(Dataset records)
..............................

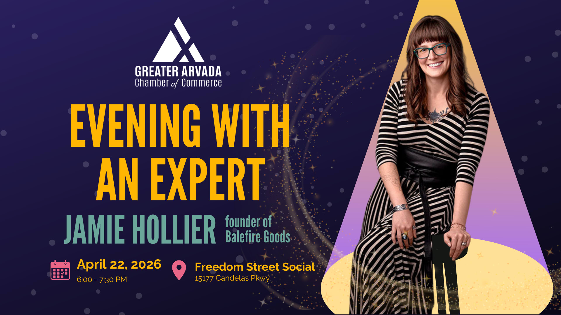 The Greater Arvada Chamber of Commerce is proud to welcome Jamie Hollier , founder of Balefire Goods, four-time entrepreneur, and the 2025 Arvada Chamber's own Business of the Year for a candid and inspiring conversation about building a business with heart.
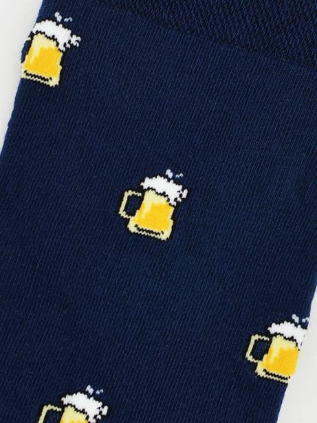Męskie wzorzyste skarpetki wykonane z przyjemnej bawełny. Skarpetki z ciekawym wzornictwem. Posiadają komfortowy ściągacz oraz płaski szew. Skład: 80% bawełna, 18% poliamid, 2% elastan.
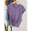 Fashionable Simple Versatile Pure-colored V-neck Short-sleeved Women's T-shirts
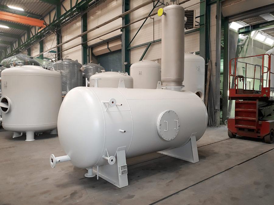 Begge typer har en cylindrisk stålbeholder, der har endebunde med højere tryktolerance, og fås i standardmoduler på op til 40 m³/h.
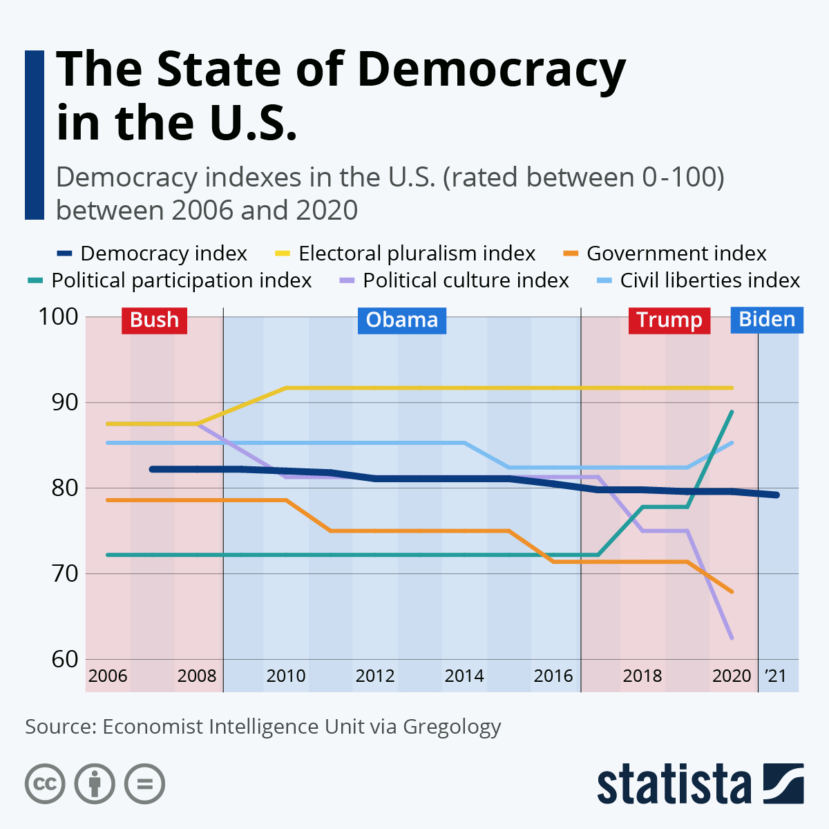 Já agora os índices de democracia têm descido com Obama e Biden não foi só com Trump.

..............................

● **Exercise directions**:
Extract all the data above exactly, excluding every picture.

● **Solved problem**:
 The Greater Arvada Chamber of Commerce is proud to welcome Jamie Hollier , founder of Balefire Goods, four-time entrepreneur, and the 2025 Arvada Chamber's own Business of the Year for a candid and inspiring conversation about building a business with heart.
Męskie wzorzyste skarpetki wykonane z przyjemnej bawełny. Skarpetki z ciekawym wzornictwem. Posiadają komfortowy ściągacz oraz płaski szew. Skład: 80% bawełna, 18% poliamid, 2% elastan.
 Fashionable Simple Versatile Pure-colored V-neck Short-sleeved Women's T-shirts
 Begge typer har en cylindrisk stålbeholder, der har endebunde med højere tryktolerance, og fås i standardmoduler på op til 40 m³/h.
 Já agora os índices de democracia têm descido com Obama e Biden não foi só com Trump.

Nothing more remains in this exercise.